Raksha Bandhan (Rakhi)

Raksha Bandhan (Rakhi)

The festival is made up of two words, namely “Raksha” and “Bandhan.” As per the Sanskrit terminology, the occasion means “the tie or knot of protection” where “Raksha” stands for the protection and “Bandhan” signifies the verb to tie. Together, the festival symbolizes the eternal love of a brother-sister relationship which does not mean just the blood relationships only. It is also celebrated among cousins, sister, and sister-in-law (Bhabhi), fraternal aunt (Bua) and nephew (Bhatija) and other such relations.

Raksha Bandhan is observed on the last day of the Hindu lunar calendar month of Shraavana, which typically falls in August. The festival of Raksha Bandhan is observed as a symbol of duty between brothers and sisters. The occasion is meant to celebrate any type of brother-sister relationship between men and women who may not be biologically related. The protection is offered principally by sisters to brothers, but also by priests to patrons, and sometimes by individuals to real or potential benefactors. On this day, sisters of all ages tie a talisman, or amulet, called the rakhi, around the wrists of their brothers, ritually protecting their brothers, receiving a gift from them in return, and traditionally investing the brothers with a share of the responsibility of their potential care. The expression “Raksha Bandhan,” Sanskrit, literally, “the bond of protection, obligation, or care,” is now principally applied to this ritual. It has also applied to a similar ritual in which a domestic priest ties amulets, charms, or threads on the wrists of his patrons and receives gifts of money. A ritual associated with Salerno includes the sisters placing shoots of barley behind the ears of their brothers.
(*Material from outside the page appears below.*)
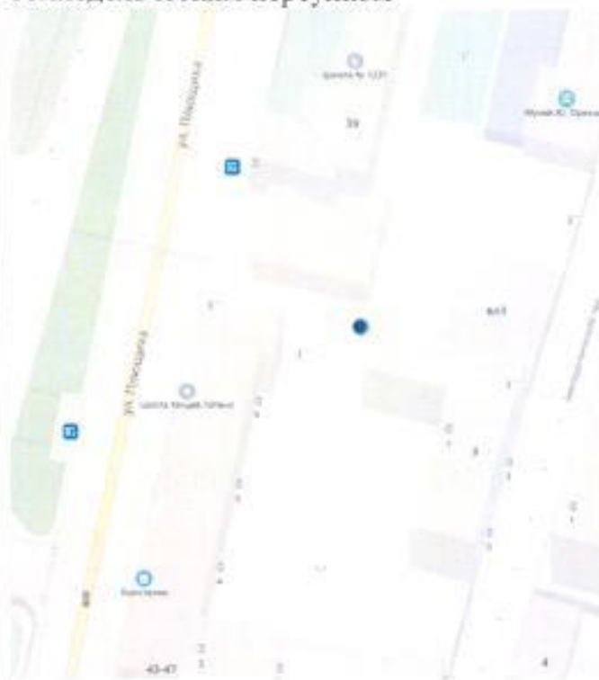
Схема 5 - Проход между ул. Плющиха и Земледельческим переулком

On this day, a sister ties a rakhi around the wrist of her brother in order to pray for his prosperity, health, and well-being. The brother in return offers gifts and promises to protect his sister from any harm and under every circumstance. The festival is also celebrated between brother-sister belonging to distant family members, relatives or cousins.

Among women and men who are not blood relatives, there is also a transformed tradition of voluntary kin relations, achieved through the tying of rakhi amulets, which have cut across caste and class lines, and Hindu and Muslim divisions. In some communities or contexts, other figures, such as a matriarch, or a person in authority, can be included in the ceremony in ritual acknowledgment of their benefaction.

Raksha Bandhan is also celebrated by Hindu communities in other parts of the world.

Hinduism

The festival is mainly celebrated by the Hindus in the northern and western parts of India along with countries like Nepal, Pakistan, and Mauritius.
Jainism- The occasion is also revered by the Jain community where Jain priests give ceremonial threads to the devotees.

Sikhism

This festival devoted to the brother-sister love is observed by the Sikhs as “Rakhardi” or Rakhari.